そして、コーヒーと冷たい水が低温でゆっくりと混ざり合い、エッセンスが引き出されるのを待つのは、炉の中で鉄塊が静かに溶けていくのを見守るのに似ている。
やがて、鋭い一振りが完成した。
「あなたの水出しコーヒーです。」
「ありがとうございます。おいくらですか?」
「代金は結構です。」と旦那さんは笑った。
「これは新しく出す予定の一品で、まずは人に試してもらいたいんです。あなたには手伝ってもらいましたから、料金なんて取れません。味が合うかどうかが、いちばん大事ですから。」
僕は軽くカップを持ち上げて一口飲んだ。
「本当においしい。静かで深い味わいが詰まってる。冷萃の技術が柔らかくても豊かな味わいを与えてくれて、まるで静かな場所を見つけて、静かに一つのチェスを楽しむことができるようだ。」
「それに、なんか武器職人みたいに落ち着いてて、粘り強い感じがする。」わざとその職業を言及した。「コーヒーの抽出ってのは、鍛冶屋がナイフを丁寧に鍛えるのと同じで、時間をかけて温度をコントロールして、芸術的な味を引き出してる感じがする。」
「おっしゃるとおりです、若い人。」旦那さんは微笑みながら、「私は確かに鉄を叩いて武器を作る家族に生まれました。炎と鍛冶の音と共に舞う日々は、今は遠くなりましたが、その愛情と集中は血に染み渡っています。」
彼の言葉思わず尋ねてしまった。
「もしよろしければ……旦那さんには、兄弟……のような方はいらっしゃいますか?
性格も技術も、さらには外見までよく比べられるような方です。
幸運にも、そんな話を耳にしたことがあります。
こういう家族では、技術を受け継ぐことに同じくらいの情熱を持っているものかもしれません。

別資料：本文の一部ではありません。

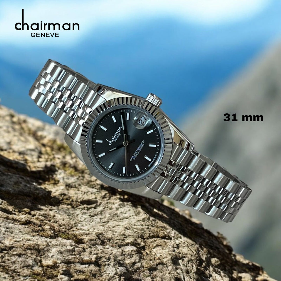 Chairman Geneve Dated Black Dial Silver Chain Men's Watch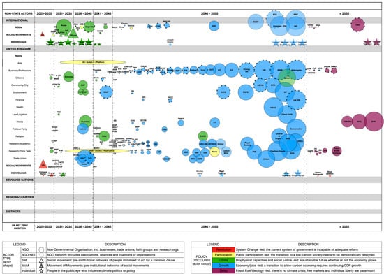 The clearest observation in the map of non-state actors (Figure 8) is the strength of the group of actors aligning with the UK government’s official 2050 net-zero target in terms of number of organisations, breadth of cross-sectoral support, collective influence, coherence of policy discourse in favour of “growth” (blue)—an economic growth and jobs-led transition to a low-carbon economy. This is a technocentric, “eco-modernisation” approach [21,85] which views GDP growth as necessary for, or at least compatible with, the country’s global climate responsibilities. A detailed plan has yet to be put forward by the government explaining how a UK transition to net-zero carbon by 2050—which would require a whole-systems approach, cross-sectoral coordination, and wide public support—can be achieved at all, let alone achieved within sustainable limits and without relying on untried or hypothetical carbon removal technologies.

一人は鍛冶屋の道を選び、もう一人はその精神をコーヒーの世界に引き継いでいる──そんな物語です。」
「ええ、あなたの言うとおりです。」
彼の目には、複雑な感情がちらちらと浮かんでいた。
「私は確かに、同じ顔立ちで、性格も技術もよく似た兄がいました。しかし、運命は私たちを異なる道へと導いたのです。

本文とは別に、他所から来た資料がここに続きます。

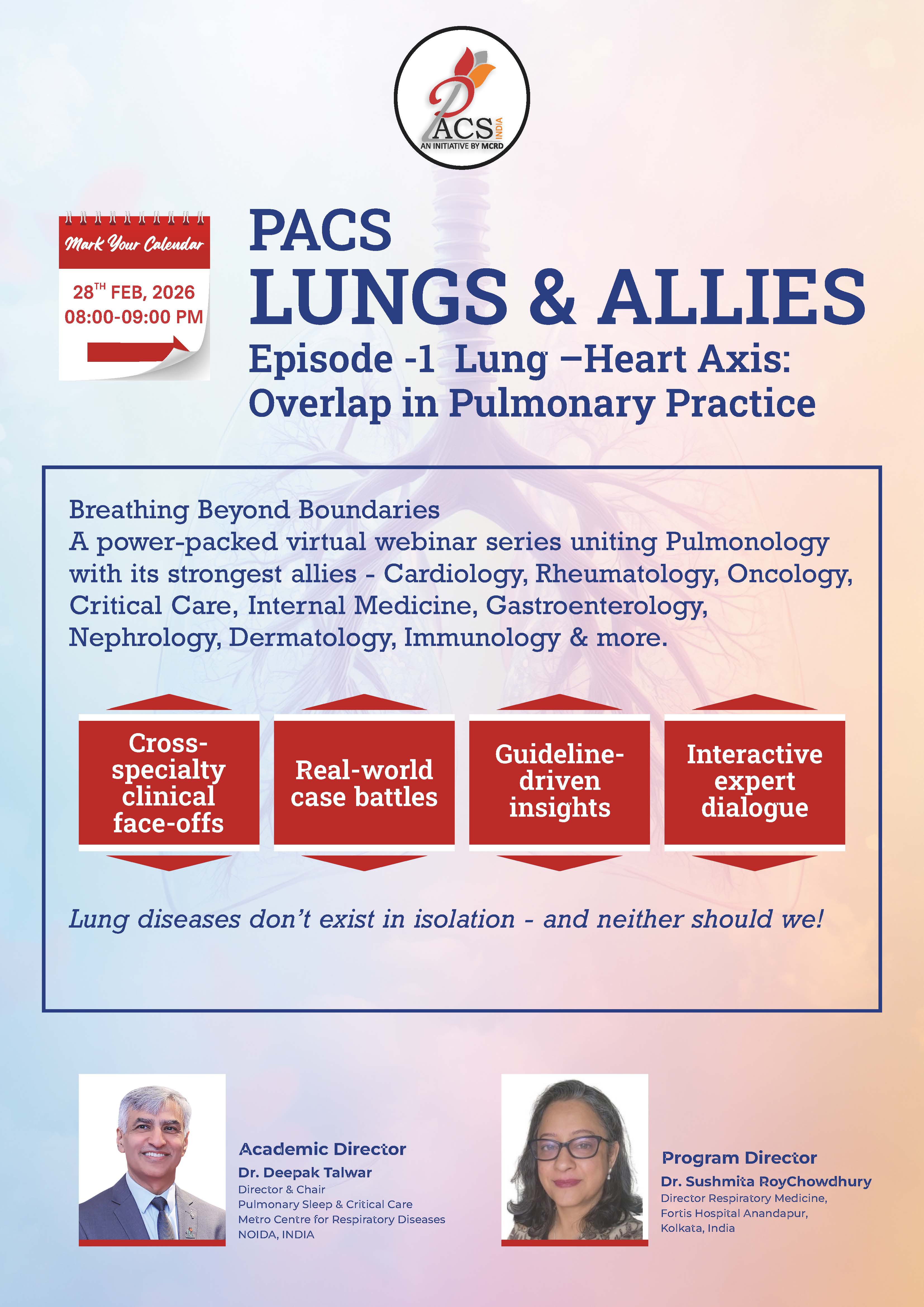 The Foundation for Pulmonary Allergy, Critical Care and Sleep Medicine (PACS Foundation) is a clinician-led, academic-first organization dedicated to advancing medical education, research, and community awareness. Through our nationwide initiatives, we aim to strengthen clinical practices, empower healthcare professionals, and improve patient outcomes in respiratory medicine.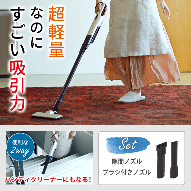 電源コードがない「コードレス」かつ総重量が「約900g (本体+延長パイプ+フロアヘッド装着時)」と驚くほど軽いから、場所を選ばず気付いた時にサッとお掃除ができます。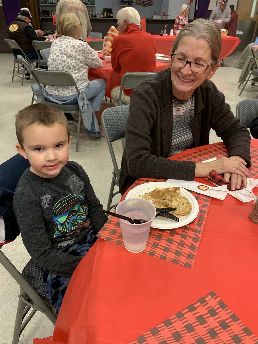 Gail Hutto brought her 4-year-old grandson Jon Hutto, to Pancakes and Pajamas on Saturday, Nov. 19, at the Boulder City Elks Lodge. The breakfast raised funds and accepted toy donations for the Angel Tree, Emergency Aid of Boulder City’s annual event to brighten the holidays for children and senior citizens in need.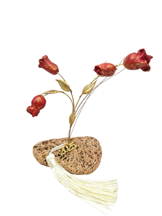 decorated with metalic 2025 and tassel on a natural stone from Pagasitikos golf, to wish a happy new year to your friends and partners.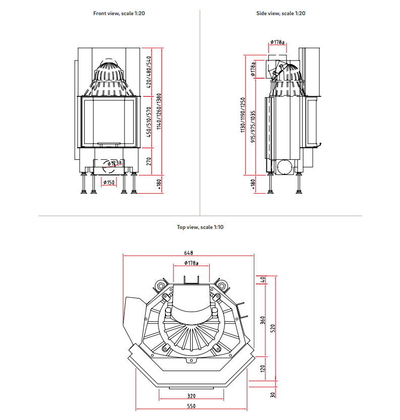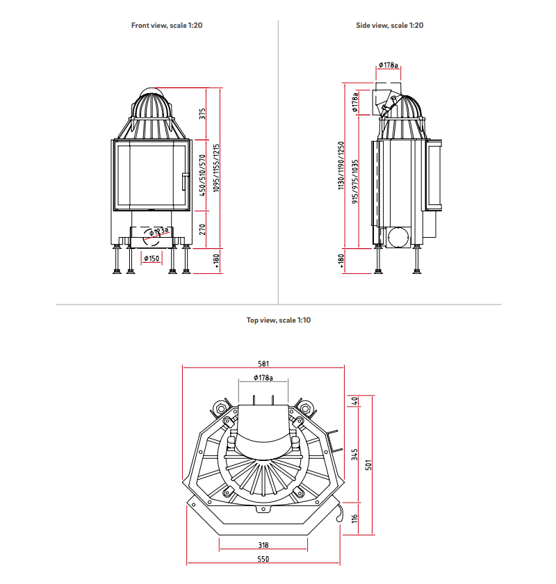 Lungime recomandată coș fum: 1,7 m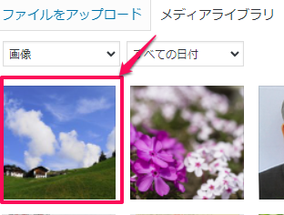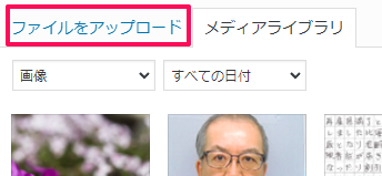 用意した画像ファイルをメディアライブラリにアップロードします。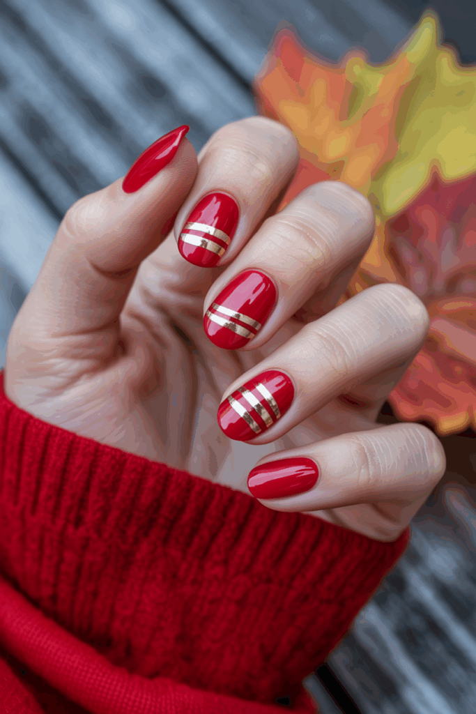 The gold lines add a modern touch, making the nails look elegant and festive. Some nails feature small gold dots between the stripes for extra detail.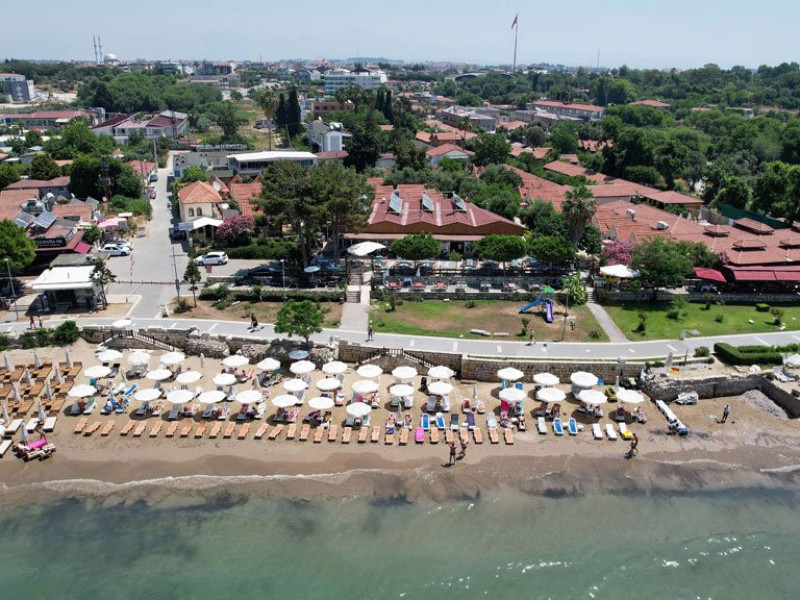 Descriere: Hotelul situat in imediata apropiere a plajei, este contruit intr-o gradina frumoasa, a carei suprafata este de 3000 mp. Hotelul este format din 2 cladiri principale si 1 cladire anexa.Localizare: Hotelul este situat in Side, la aproximativ 50 de metri de plaja si 65 km distanta fata de Aeroportul International Antalya.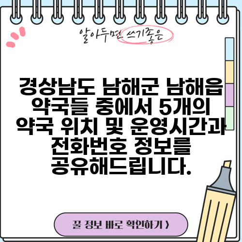 경상남도 남해군 남해읍 약국들 중에서 5개의 약국 위치 및 운영시간과 전화번호 정보를 공유해드립니다.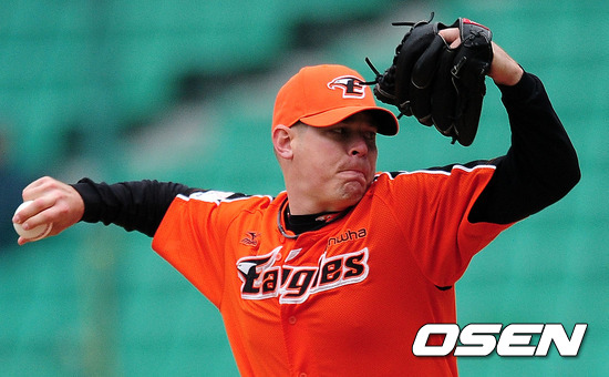 3회말 2사 3루에서 한화 배스가 박찬호에 이어 마운드에 올라 역투하고 있다.
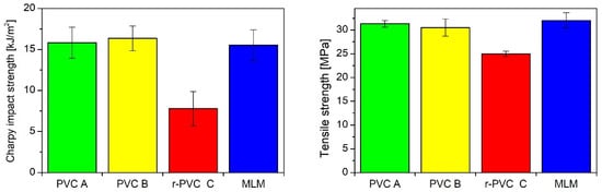 Comparison of the mechanical properties of recycled PVC (C) and non-recycled PVC (A,B) with the multi-layer material made of them (MLM) (errors bars represent standard deviation).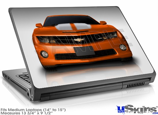 Laptop Skin (Medium) - 2010 Chevy Camaro Orange - White Stripes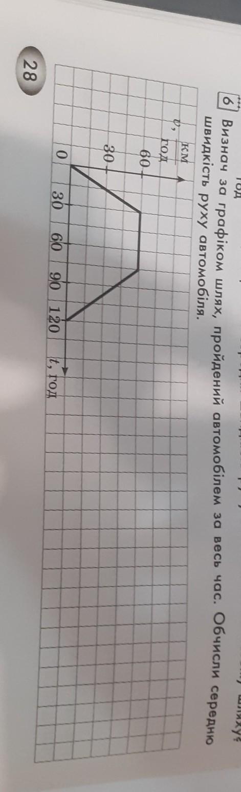 6. Визнач за графіком шлях, пройдений автомобілем за весь час. Обчисли середню швидкість руху автомобіля.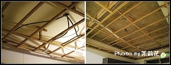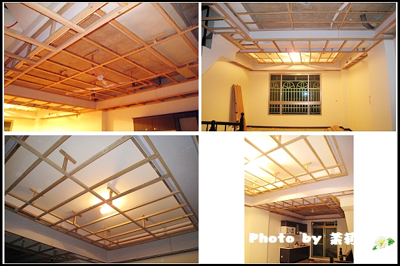 ▼客廳及廚房的天花板角材也都釘上了。

家族には五百年にわたる古き約束があり、それは目に見えない壁のようなものでした。血縁によって結ばれてはいても、それぞれの責任と憧れのために、私たちの間には隔たりが生じました。」
「はい……」
「私は彼の選択を理解できなかったし、私の粘り強さは彼にとって困惑の種となりました。

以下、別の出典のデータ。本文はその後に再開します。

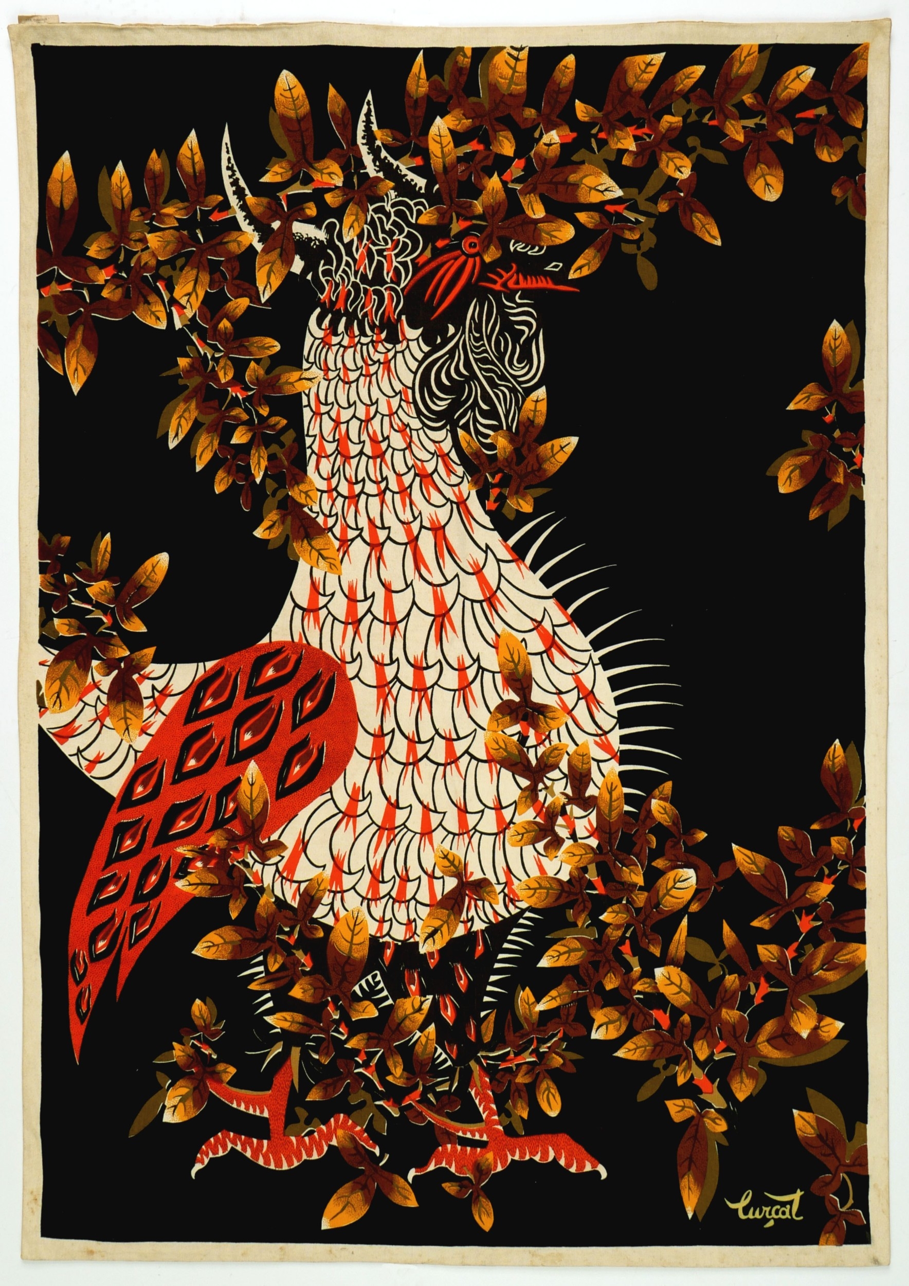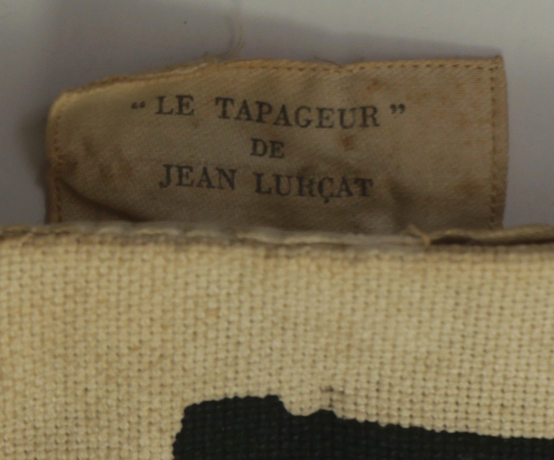 JEAN LURCAT. LA TAPAGEUR. large French printed tapestry, signed in the plate, 1957, Corot label verso, 168 cmx 123cm.

それでも、私はずっと信じています。あの表面的には遠ざかった関係の裏で、私たち兄弟は技術への愛と尊敬、そして家族の伝統を守るという一点において、確かに通じ合っていたのだと。」
「旦那さんは……彼の現在の状況を知りたいとお考えでしょうか? もし彼がすでに亡くなっていたとしたら、その衝撃にどのように向き合われますか?」
僕は鬢髪を指で少し巻き上げながら、そう尋ねることにした。
旦那さんはコーヒー豆を挽いていた手を思わず止め、その手が不意に震え始めた。そしてマシンから目を離し、窓の外へ視線を向けた。
しばらく沈黙した後、旦那さんは静かに言った。
「もし彼がすでにこの世を去っているのなら、彼のために一杯のコーヒーを淹れ、和解できなかった過去を黙って悼むかもしれません。」
そう言って、彼は軽くため息をつき、どのようにしてこの衝撃を受け入れ、向き合うべきかを考えているようだった。
「人生は碁盤の対局のように、攻めもあれば守りもあり、進むこともあれば退くこともあります。そのなかには、後悔と安らぎとが交錯する瞬間もあるのです。」